§ DIRECTIONS FOR THIS TASK: The line with "Hulk Hogan Signed" marks the first line to copy, and the line with "اجراء عملية قرعة" marks the last. Transcribe that stretch of the data below exactly, without pictures.

§ GIVEN DATA:
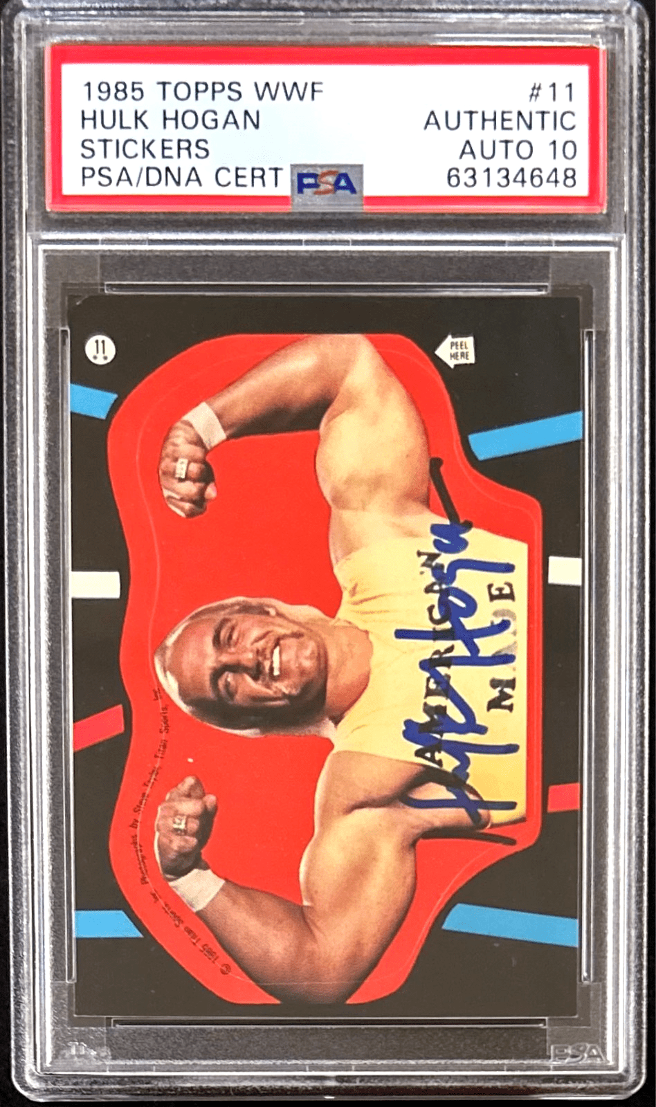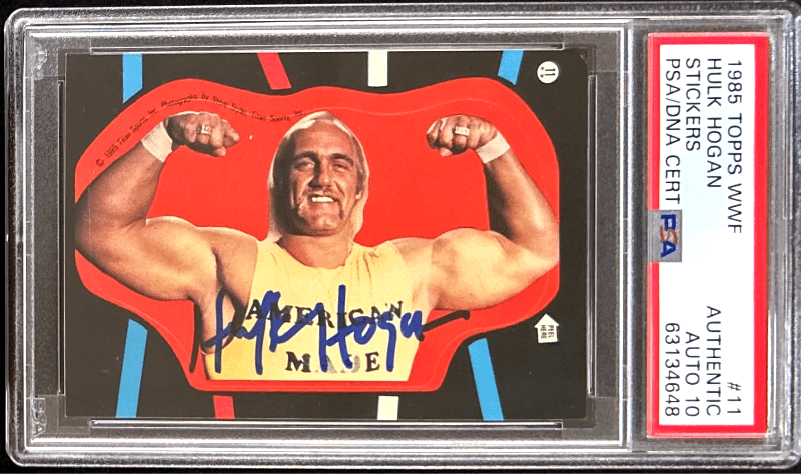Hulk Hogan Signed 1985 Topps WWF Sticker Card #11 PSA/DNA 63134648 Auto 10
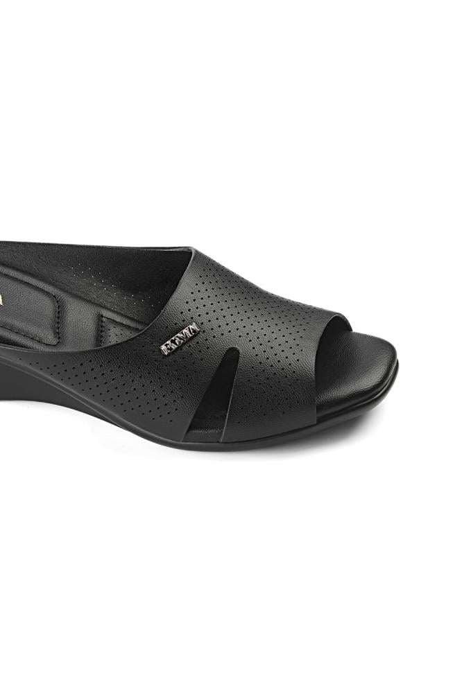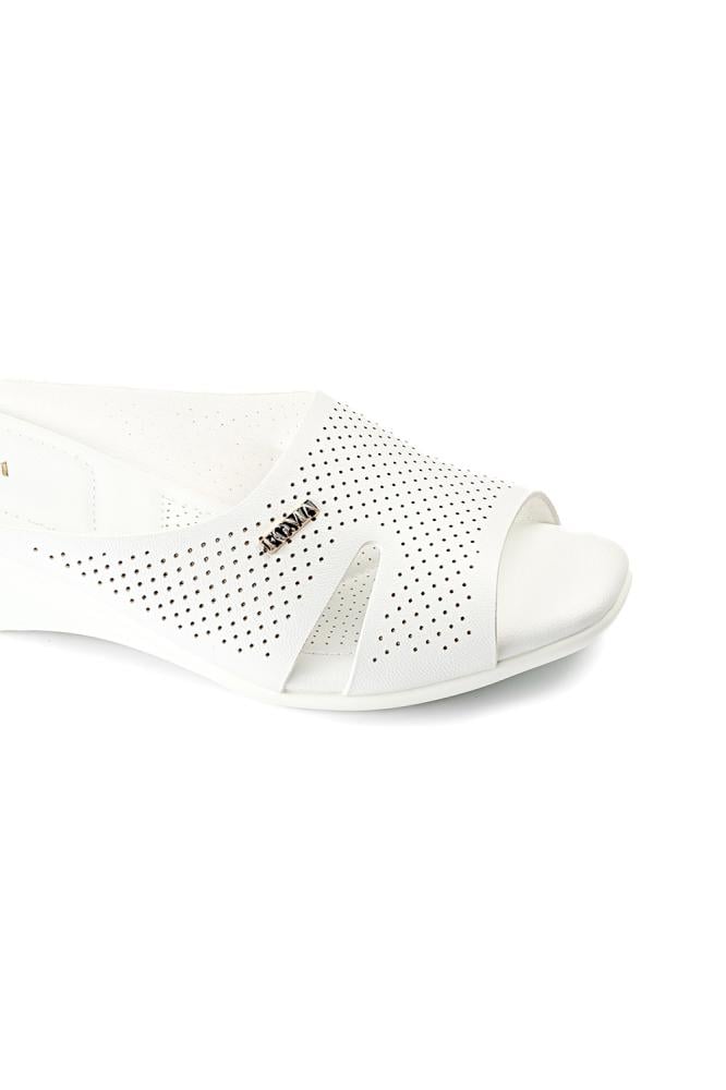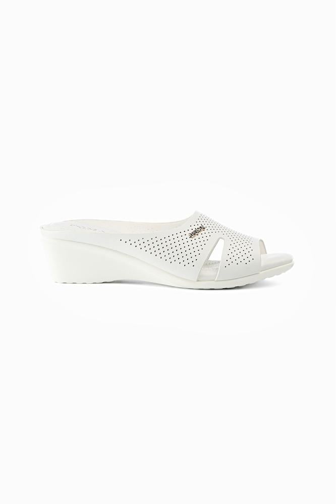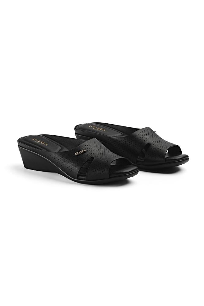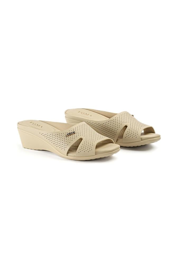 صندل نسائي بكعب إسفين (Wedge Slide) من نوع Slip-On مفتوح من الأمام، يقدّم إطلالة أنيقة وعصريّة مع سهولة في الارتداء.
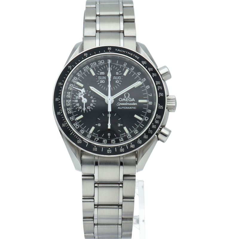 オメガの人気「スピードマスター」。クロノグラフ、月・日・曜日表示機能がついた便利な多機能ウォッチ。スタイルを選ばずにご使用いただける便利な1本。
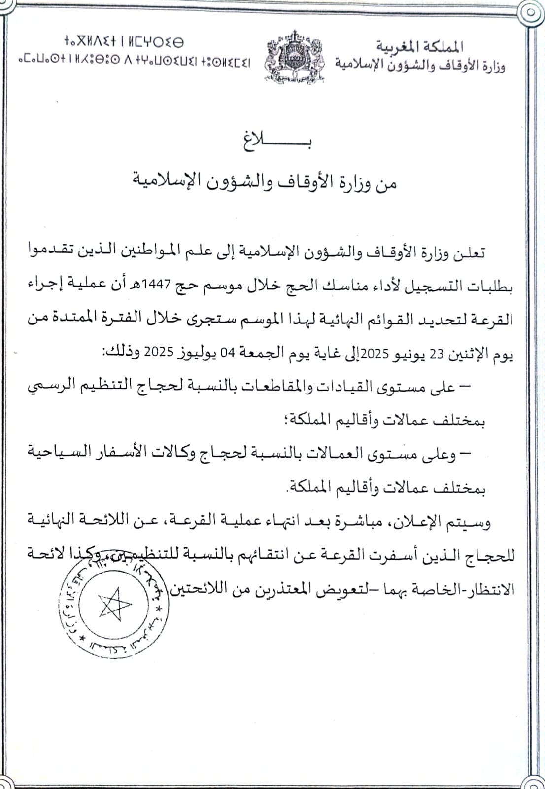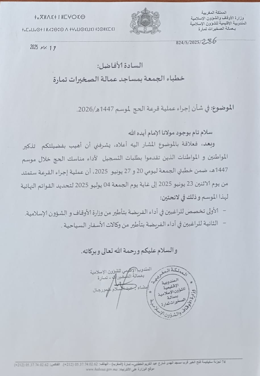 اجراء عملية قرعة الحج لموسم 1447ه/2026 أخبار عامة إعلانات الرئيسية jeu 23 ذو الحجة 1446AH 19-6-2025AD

* * *

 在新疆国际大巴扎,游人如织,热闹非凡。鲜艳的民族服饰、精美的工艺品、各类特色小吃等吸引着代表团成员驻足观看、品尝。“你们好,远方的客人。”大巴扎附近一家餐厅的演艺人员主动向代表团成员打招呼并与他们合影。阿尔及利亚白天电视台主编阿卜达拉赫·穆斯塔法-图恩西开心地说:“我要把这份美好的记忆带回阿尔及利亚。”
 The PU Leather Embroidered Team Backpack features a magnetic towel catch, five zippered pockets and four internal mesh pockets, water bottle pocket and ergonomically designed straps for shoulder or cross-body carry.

==

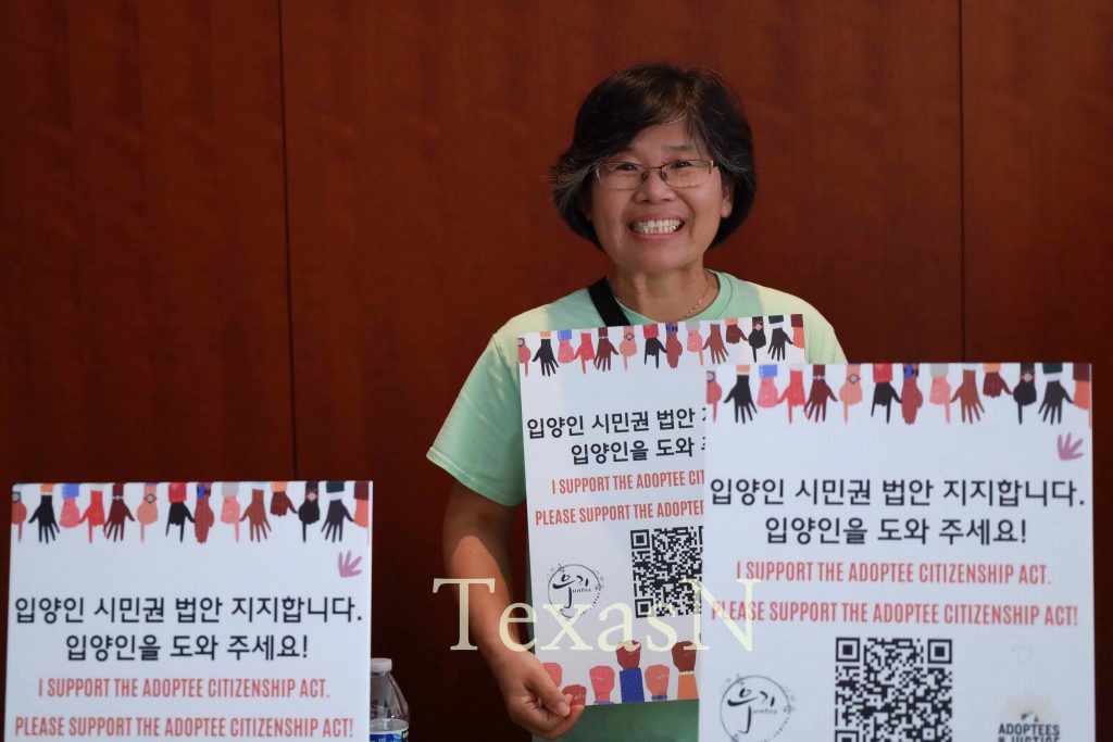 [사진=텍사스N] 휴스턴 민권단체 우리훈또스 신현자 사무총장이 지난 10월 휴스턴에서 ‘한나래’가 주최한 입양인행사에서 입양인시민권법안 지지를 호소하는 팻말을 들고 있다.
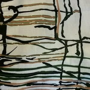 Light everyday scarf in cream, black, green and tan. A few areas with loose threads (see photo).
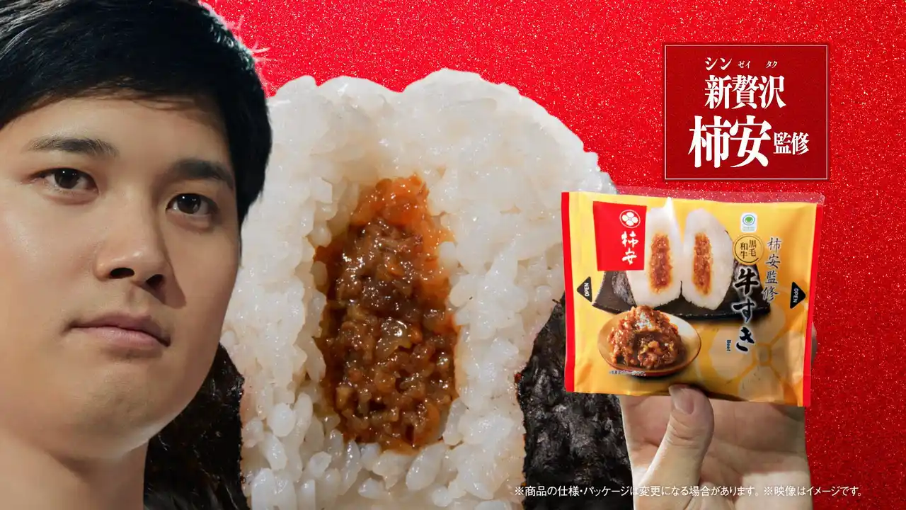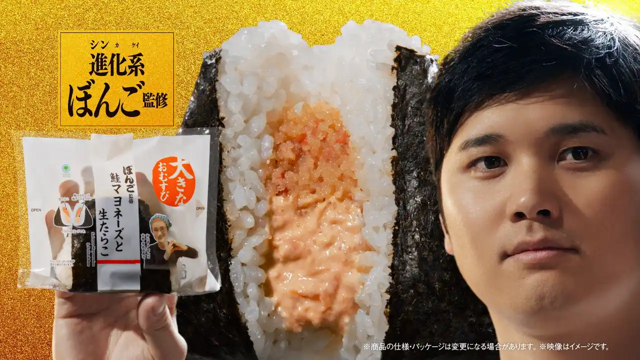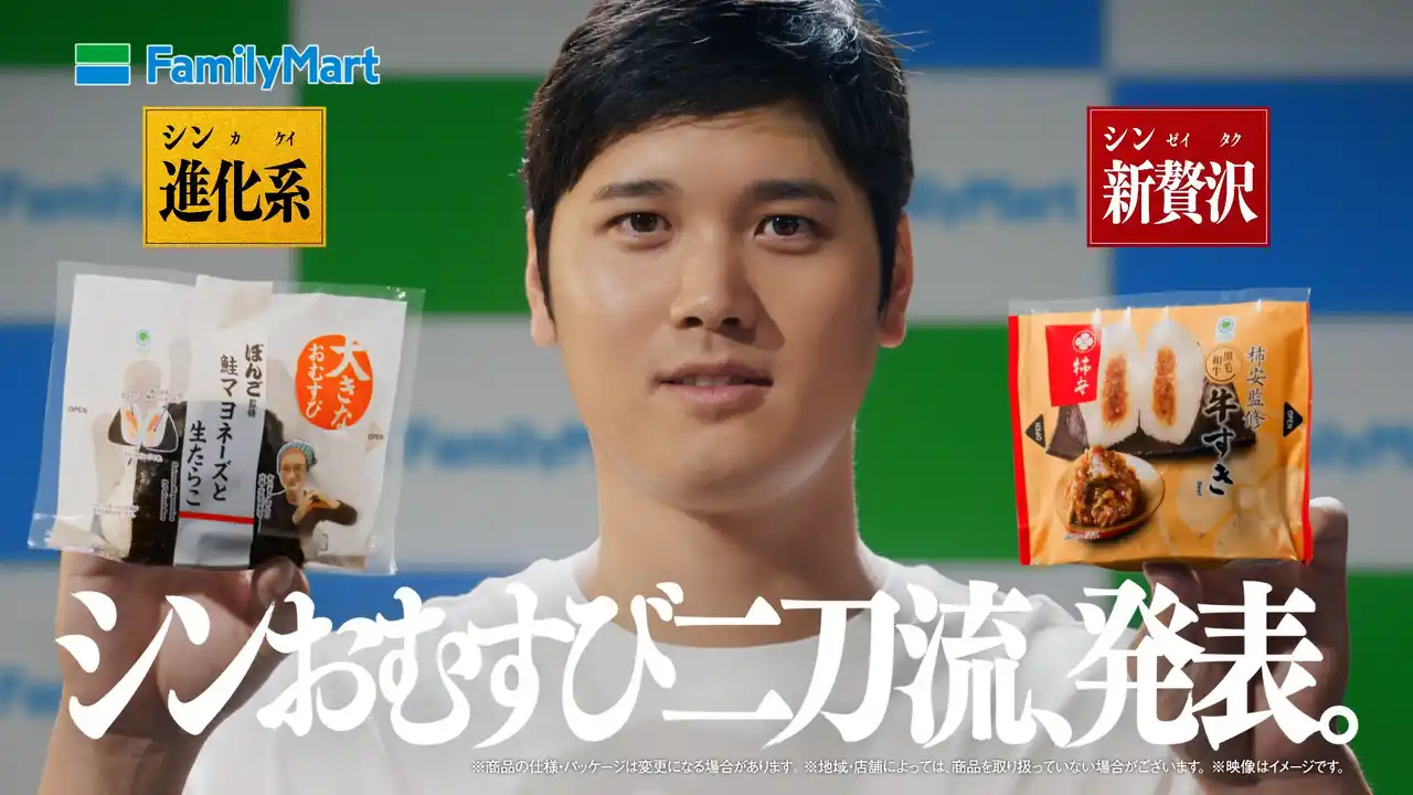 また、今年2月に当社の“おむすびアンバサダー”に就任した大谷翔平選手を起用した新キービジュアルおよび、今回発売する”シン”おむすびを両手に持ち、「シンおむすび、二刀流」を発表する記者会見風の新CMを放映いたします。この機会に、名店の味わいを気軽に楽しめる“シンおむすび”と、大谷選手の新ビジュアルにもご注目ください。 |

§ SOLUTION FOR THIS TASK:
Hulk Hogan Signed 1985 Topps WWF Sticker Card #11 PSA/DNA 63134648 Auto 10
 صندل نسائي بكعب إسفين (Wedge Slide) من نوع Slip-On مفتوح من الأمام، يقدّم إطلالة أنيقة وعصريّة مع سهولة في الارتداء.
 オメガの人気「スピードマスター」。クロノグラフ、月・日・曜日表示機能がついた便利な多機能ウォッチ。スタイルを選ばずにご使用いただける便利な1本。
 اجراء عملية قرعة الحج لموسم 1447ه/2026 أخبار عامة إعلانات الرئيسية jeu 23 ذو الحجة 1446AH 19-6-2025AD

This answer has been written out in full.